The production — as with Winter Hours — perfectly suits the band: rich in reverb, the drums sound enormous, the guitars multifaceted and evocative, basslines usually supportive but often independent and memorable, and the vocals fighting the rest for attention. It plays off the band’s greatest strength: collaboration. Chords would sound empty without Andrew Hernandez’s bombastic drumming. The drums would sound flashy and masturbatory if it weren’t for Hill’s versatile guitar work.
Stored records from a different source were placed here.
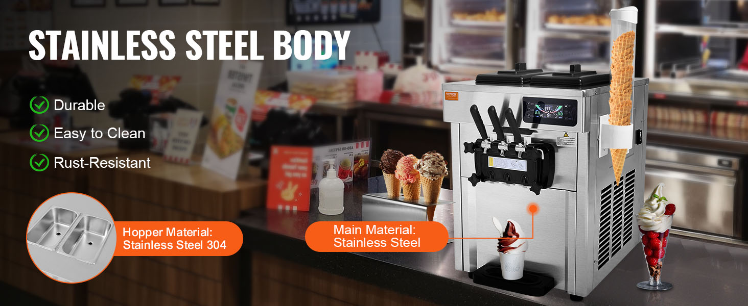 Tento stroj na jemnou zmrzlinu je vyroben z vysoce kvalitní nerezové oceli s válcem z nerezové oceli 304. Je odolný proti korozi, což zajišťuje dlouhou životnost a hygienu v komerčních zařízeních. Snadné čištění: Stačí nalít vodu a stisknutím tlačítka spustit funkci automatického čištění.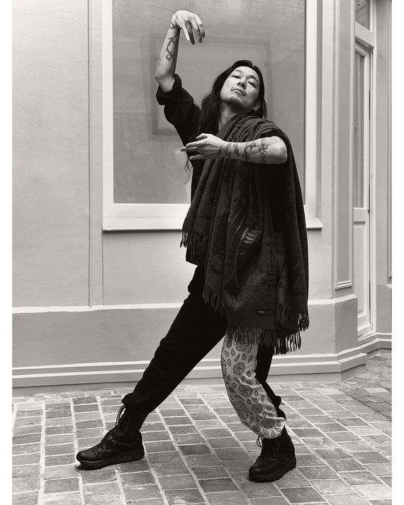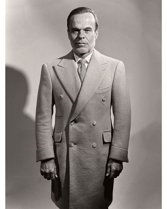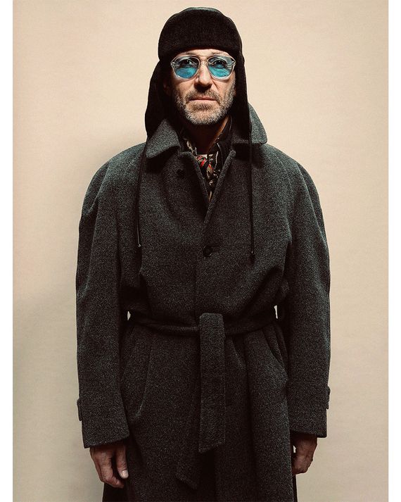 I am at a point in my life where I know who I am and what I want people to see. I’m always in a black, blue, or gray suit, usually double-breasted. I don’t want crazy things. When I see these peacocks everywhere layering, adding things, showing that they have a lot of clothes, I think, Ugh. Style is about minimalism, about taking things off. With fewer options, I can obsess over the little details. The kinds of blues or grays. I can play with width and shape. For instance, this is the third version of this suit. I started with a Hedi Slimane cut around 2012 — really thin sleeves, fitted torso, short jacket. Then, five years later, I said, Okay, I want something else. I made the torso straighter, the trousers high-waisted. And then, several years later, I changed it again to what I’m wearing now: a slightly flared pant, a large lapel, a really long jacket. I always wear boots. A suit can look corporate. But add a pair of Chelsea boots and suddenly you’re Bryan Ferry.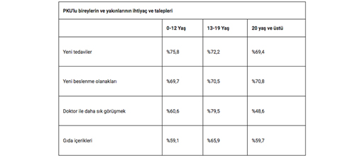 PKU’lu bireylerin ve yakınlarının ihtiyaç ve talepleri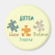 "Esperança, inspiração, acredite." Uma mensagem simples para todas as vidas de quem é é tocada pelo austimo. Projetadas com um apelo mais moderno, três peças de quebra-cabeça são o foco central dessa design artística. Personalize para as suas necessidades. Design original por Rebecca da Menagerie da Night Owl, 2010.

Hill’s guitars would sound flaccid without Carson Daniel James’ low end (and in the band’s more quiet moments, they’d sound elliptical and pointless without the melodic center of the basslines). Even musically, Tombs’ mishmashing of genres sheds light on the tethers between them. But the point to all of it is that Tombs is a mighty band in a way that bands aren’t anymore. There’s a unique confidence to what they do that would get swallowed up by self-consciousness or concern over maintaining a fanbase with other bands. A bold fearlessness is the nature of Tombs, and Paths of Totality is the first real look we’ve gotten into their natural habitat. It proves they can go deep, and that they will — hopefully soon — go deeper.